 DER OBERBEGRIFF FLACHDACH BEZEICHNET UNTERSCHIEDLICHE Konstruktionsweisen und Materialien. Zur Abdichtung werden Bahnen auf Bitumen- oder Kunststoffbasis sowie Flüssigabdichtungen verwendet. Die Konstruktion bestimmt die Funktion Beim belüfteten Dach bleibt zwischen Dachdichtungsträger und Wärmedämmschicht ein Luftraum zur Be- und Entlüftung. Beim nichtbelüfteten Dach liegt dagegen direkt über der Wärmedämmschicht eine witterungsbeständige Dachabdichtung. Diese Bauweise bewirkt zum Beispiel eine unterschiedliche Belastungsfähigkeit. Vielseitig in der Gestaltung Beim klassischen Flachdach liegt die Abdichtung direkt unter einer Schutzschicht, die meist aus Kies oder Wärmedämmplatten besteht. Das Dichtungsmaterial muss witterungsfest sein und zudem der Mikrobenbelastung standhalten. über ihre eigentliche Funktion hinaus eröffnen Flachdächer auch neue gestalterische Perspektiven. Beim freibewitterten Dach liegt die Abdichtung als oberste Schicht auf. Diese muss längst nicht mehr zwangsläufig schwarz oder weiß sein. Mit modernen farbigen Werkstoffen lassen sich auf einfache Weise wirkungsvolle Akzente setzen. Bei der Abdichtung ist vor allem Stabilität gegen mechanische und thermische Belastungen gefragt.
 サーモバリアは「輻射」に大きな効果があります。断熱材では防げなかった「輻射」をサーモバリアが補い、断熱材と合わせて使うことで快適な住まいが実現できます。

______________________________

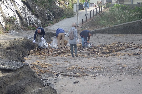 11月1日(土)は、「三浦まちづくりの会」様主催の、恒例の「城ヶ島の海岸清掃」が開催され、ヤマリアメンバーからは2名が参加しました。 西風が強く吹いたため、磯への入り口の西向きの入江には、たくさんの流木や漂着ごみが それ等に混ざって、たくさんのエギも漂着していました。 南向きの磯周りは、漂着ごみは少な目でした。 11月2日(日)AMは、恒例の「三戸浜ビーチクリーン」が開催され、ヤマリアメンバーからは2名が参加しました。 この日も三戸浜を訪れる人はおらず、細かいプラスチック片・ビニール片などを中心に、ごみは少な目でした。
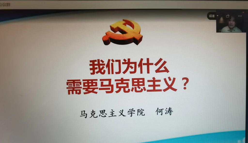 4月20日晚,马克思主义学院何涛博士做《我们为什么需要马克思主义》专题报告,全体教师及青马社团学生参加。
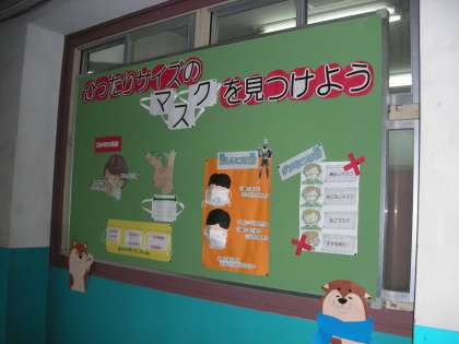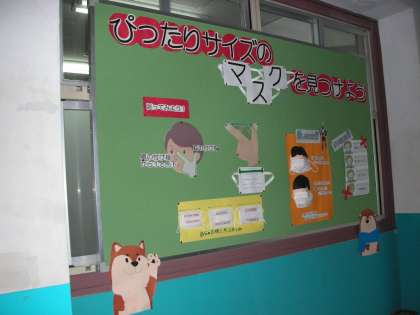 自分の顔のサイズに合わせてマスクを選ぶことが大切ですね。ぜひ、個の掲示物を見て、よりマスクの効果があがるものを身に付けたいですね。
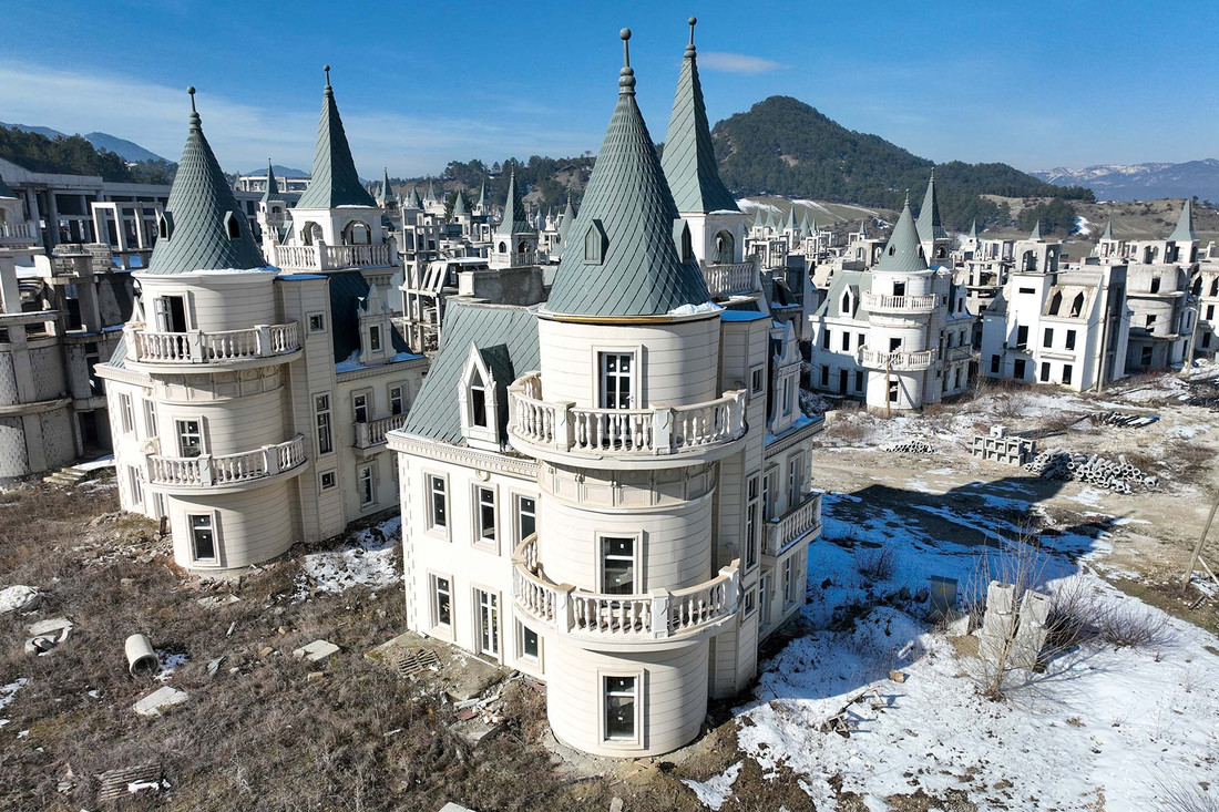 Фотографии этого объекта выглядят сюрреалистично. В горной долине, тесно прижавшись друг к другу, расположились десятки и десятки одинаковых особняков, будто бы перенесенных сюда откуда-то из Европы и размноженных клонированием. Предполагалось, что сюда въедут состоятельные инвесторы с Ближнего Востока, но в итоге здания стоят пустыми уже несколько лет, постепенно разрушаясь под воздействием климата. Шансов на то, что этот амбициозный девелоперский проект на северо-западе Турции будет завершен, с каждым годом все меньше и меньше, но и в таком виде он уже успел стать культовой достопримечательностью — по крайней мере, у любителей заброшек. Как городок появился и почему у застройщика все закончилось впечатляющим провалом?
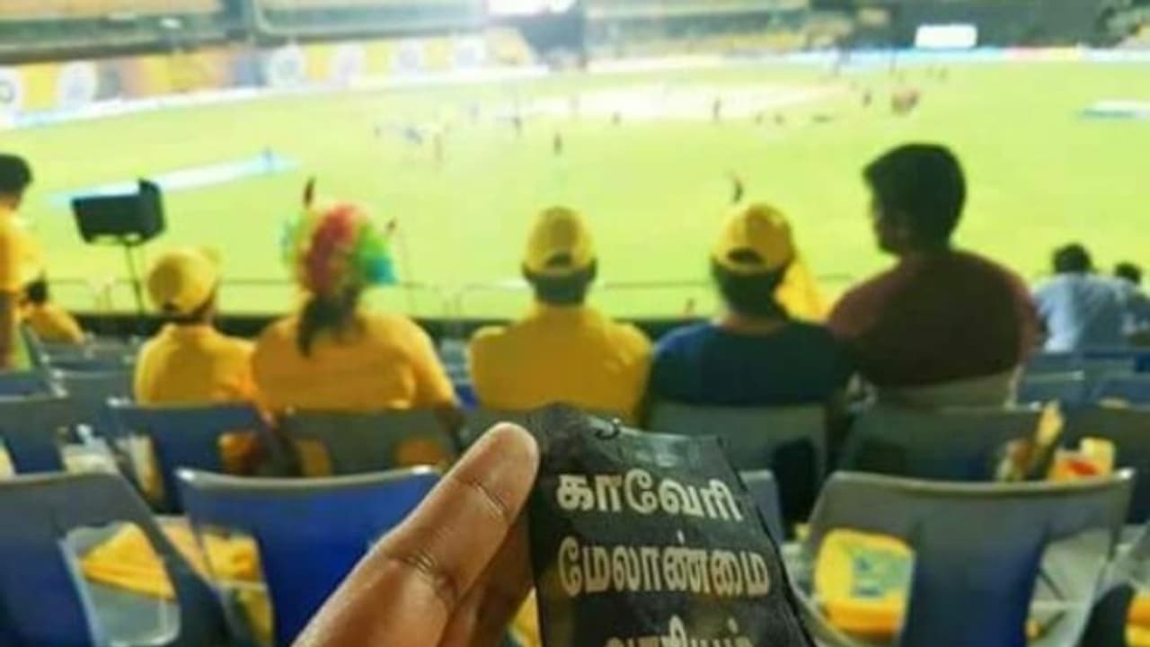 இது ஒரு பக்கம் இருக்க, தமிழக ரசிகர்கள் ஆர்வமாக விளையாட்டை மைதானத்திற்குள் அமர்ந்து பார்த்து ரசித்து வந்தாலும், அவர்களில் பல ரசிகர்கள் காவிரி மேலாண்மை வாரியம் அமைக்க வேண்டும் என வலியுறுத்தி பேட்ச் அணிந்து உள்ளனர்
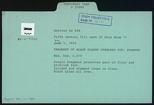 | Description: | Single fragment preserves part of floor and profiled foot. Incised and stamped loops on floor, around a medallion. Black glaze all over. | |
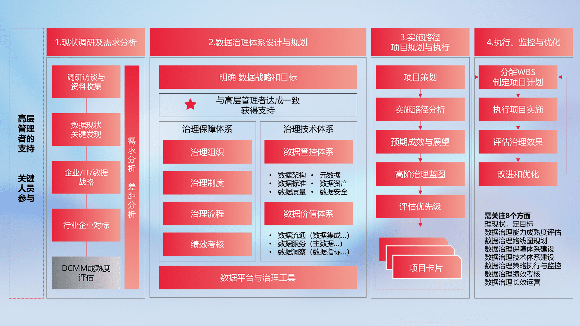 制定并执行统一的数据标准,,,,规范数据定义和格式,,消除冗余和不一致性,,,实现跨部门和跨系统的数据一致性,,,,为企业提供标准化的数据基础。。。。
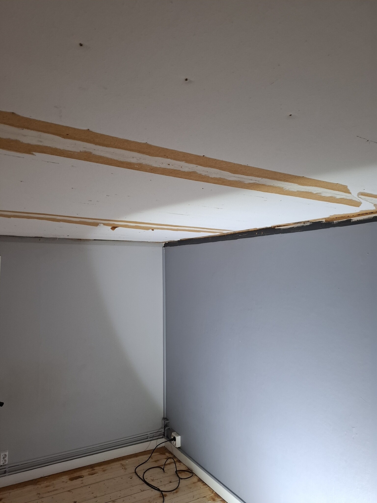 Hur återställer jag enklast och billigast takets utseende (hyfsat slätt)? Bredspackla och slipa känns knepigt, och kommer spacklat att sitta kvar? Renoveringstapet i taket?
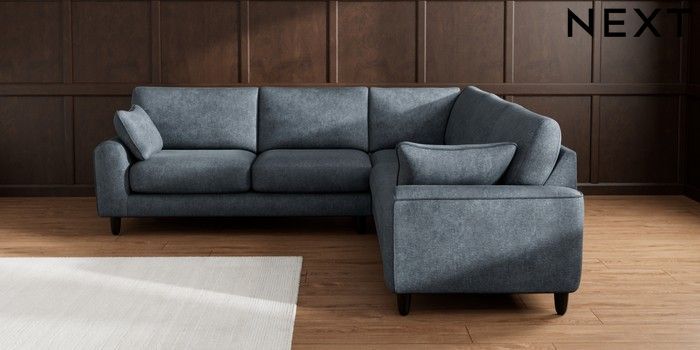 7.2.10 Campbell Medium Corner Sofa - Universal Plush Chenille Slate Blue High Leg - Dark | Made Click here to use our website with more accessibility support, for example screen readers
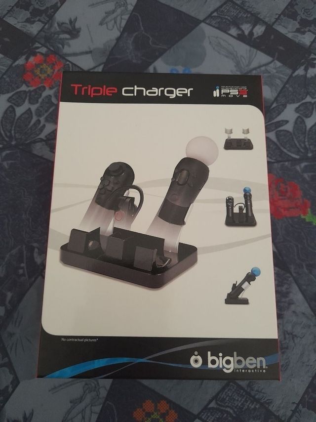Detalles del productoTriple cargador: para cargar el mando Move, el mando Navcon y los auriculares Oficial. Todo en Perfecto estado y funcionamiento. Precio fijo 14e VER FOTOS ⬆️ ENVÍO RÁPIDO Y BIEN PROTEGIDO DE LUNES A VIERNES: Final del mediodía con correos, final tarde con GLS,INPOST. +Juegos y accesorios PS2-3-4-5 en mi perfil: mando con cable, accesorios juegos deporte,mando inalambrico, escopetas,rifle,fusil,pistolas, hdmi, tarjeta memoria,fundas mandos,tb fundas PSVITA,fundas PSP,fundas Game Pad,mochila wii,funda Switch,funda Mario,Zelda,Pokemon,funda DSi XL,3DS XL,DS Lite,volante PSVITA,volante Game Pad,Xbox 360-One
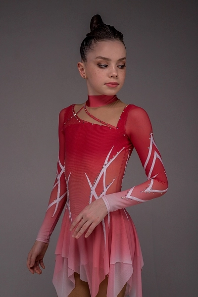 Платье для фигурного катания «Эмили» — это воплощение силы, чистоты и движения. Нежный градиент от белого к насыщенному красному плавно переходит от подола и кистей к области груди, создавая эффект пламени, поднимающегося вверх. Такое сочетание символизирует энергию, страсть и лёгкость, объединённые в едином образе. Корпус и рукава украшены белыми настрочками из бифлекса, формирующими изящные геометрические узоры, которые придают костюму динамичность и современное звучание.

______________________________

→ **Problem statement**
Would you print exactly the lines in the listing above, from the line bearing "7.2.10 Campbell Medium" through the line bearing "Detalles del productoTriple", leaving out all pictures?

→ **Response box**
 7.2.10 Campbell Medium Corner Sofa - Universal Plush Chenille Slate Blue High Leg - Dark | Made Click here to use our website with more accessibility support, for example screen readers
Detalles del productoTriple cargador: para cargar el mando Move, el mando Navcon y los auriculares Oficial. Todo en Perfecto estado y funcionamiento. Precio fijo 14e VER FOTOS ⬆️ ENVÍO RÁPIDO Y BIEN PROTEGIDO DE LUNES A VIERNES: Final del mediodía con correos, final tarde con GLS,INPOST. +Juegos y accesorios PS2-3-4-5 en mi perfil: mando con cable, accesorios juegos deporte,mando inalambrico, escopetas,rifle,fusil,pistolas, hdmi, tarjeta memoria,fundas mandos,tb fundas PSVITA,fundas PSP,fundas Game Pad,mochila wii,funda Switch,funda Mario,Zelda,Pokemon,funda DSi XL,3DS XL,DS Lite,volante PSVITA,volante Game Pad,Xbox 360-One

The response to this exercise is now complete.